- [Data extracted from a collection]
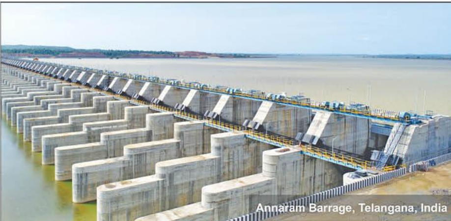
Annaram Barrage, Telangana, India
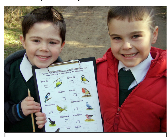
Peafield Primary visit their local park

The Greenwood team is experienced in delivering activities that are tailored to the needs of partners to add value to their ongoing projects. Such events help to develop community involvement on sites and to build relationships with community groups that have not previously been involved.
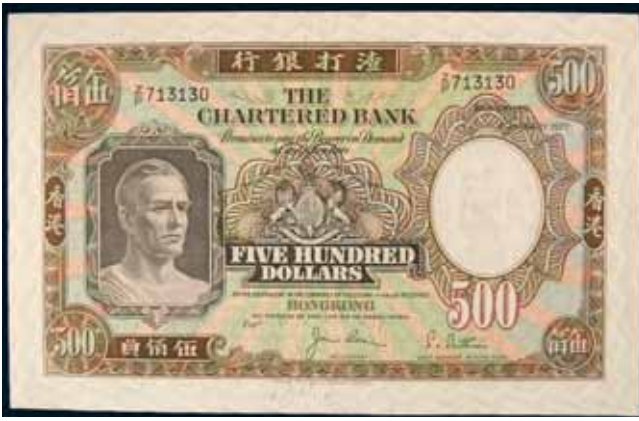
3681* The Chartered Bank , five hundred dollars, 1st January 1977, Z/P 713130 (P.72d; Ma.S42a). Extremely fine. $700
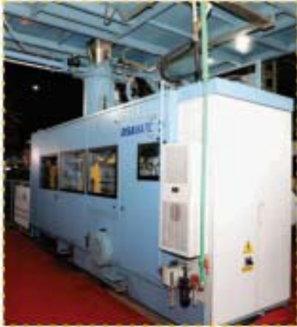
DISAMATIC C3-150 at Om Metal Cast

- [YOUR TASK] With the line that has "Peafield Primary visit their local park" as the first and the line that has "The Greenwood team" as the last, repeat exactly that run of lines above and no more.

- [EXERCISE RESULT]
Peafield Primary visit their local park

The Greenwood team is experienced in delivering activities that are tailored to the needs of partners to add value to their ongoing projects. Such events help to develop community involvement on sites and to build relationships with community groups that have not previously been involved.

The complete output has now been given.